When writing out the entries below, keep only the lines from the line with "This bracelet is" to the line with "孔丽丹首先对2023级新同学", both included, exactly as they are, and leave the pictures aside.

■ Records supplied ■
# # # # # # #

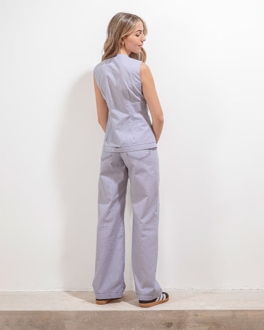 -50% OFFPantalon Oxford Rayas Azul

# # # # # # #

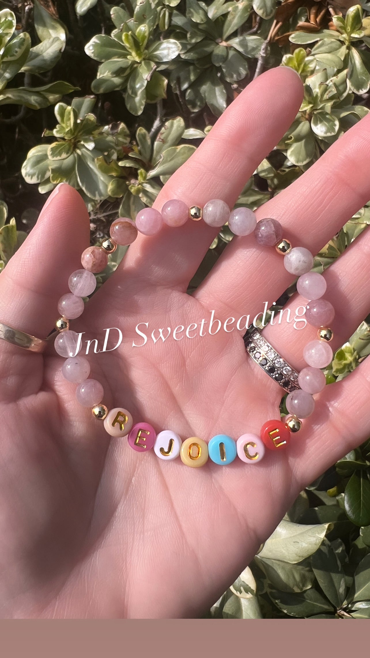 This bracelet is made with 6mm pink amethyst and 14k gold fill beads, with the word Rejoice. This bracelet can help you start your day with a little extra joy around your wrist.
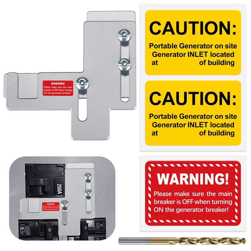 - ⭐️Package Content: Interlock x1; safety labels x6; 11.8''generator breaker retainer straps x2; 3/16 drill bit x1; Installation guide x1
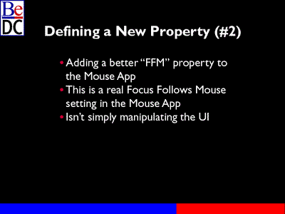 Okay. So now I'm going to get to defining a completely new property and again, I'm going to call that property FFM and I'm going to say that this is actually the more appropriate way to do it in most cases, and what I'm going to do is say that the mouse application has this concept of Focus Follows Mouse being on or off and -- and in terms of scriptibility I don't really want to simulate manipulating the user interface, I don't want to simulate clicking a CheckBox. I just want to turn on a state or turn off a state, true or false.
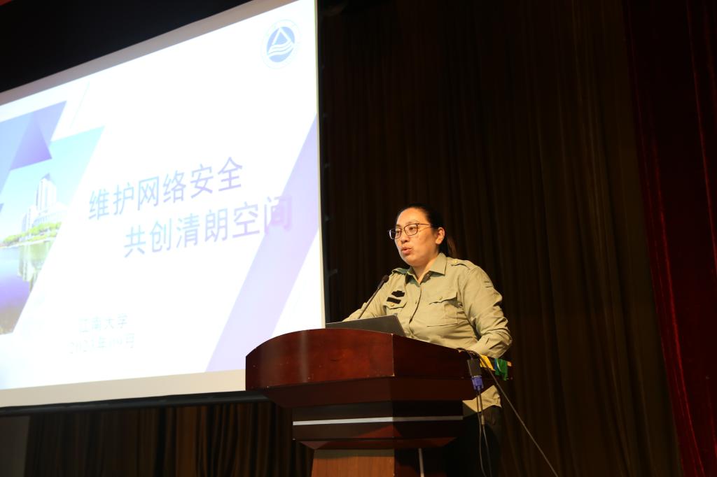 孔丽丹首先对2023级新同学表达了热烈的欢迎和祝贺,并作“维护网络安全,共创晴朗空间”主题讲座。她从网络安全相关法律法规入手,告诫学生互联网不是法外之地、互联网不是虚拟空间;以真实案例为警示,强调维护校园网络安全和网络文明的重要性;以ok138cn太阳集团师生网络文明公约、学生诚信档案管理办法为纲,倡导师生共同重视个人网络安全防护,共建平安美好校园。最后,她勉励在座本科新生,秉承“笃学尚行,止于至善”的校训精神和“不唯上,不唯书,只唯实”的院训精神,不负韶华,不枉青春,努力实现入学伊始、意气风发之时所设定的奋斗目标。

# # # # # # #

■ Task response ■
 This bracelet is made with 6mm pink amethyst and 14k gold fill beads, with the word Rejoice. This bracelet can help you start your day with a little extra joy around your wrist.
 - ⭐️Package Content: Interlock x1; safety labels x6; 11.8''generator breaker retainer straps x2; 3/16 drill bit x1; Installation guide x1
 Okay. So now I'm going to get to defining a completely new property and again, I'm going to call that property FFM and I'm going to say that this is actually the more appropriate way to do it in most cases, and what I'm going to do is say that the mouse application has this concept of Focus Follows Mouse being on or off and -- and in terms of scriptibility I don't really want to simulate manipulating the user interface, I don't want to simulate clicking a CheckBox. I just want to turn on a state or turn off a state, true or false.
 孔丽丹首先对2023级新同学表达了热烈的欢迎和祝贺,并作“维护网络安全,共创晴朗空间”主题讲座。她从网络安全相关法律法规入手,告诫学生互联网不是法外之地、互联网不是虚拟空间;以真实案例为警示,强调维护校园网络安全和网络文明的重要性;以ok138cn太阳集团师生网络文明公约、学生诚信档案管理办法为纲,倡导师生共同重视个人网络安全防护,共建平安美好校园。最后,她勉励在座本科新生,秉承“笃学尚行,止于至善”的校训精神和“不唯上,不唯书,只唯实”的院训精神,不负韶华,不枉青春,努力实现入学伊始、意气风发之时所设定的奋斗目标。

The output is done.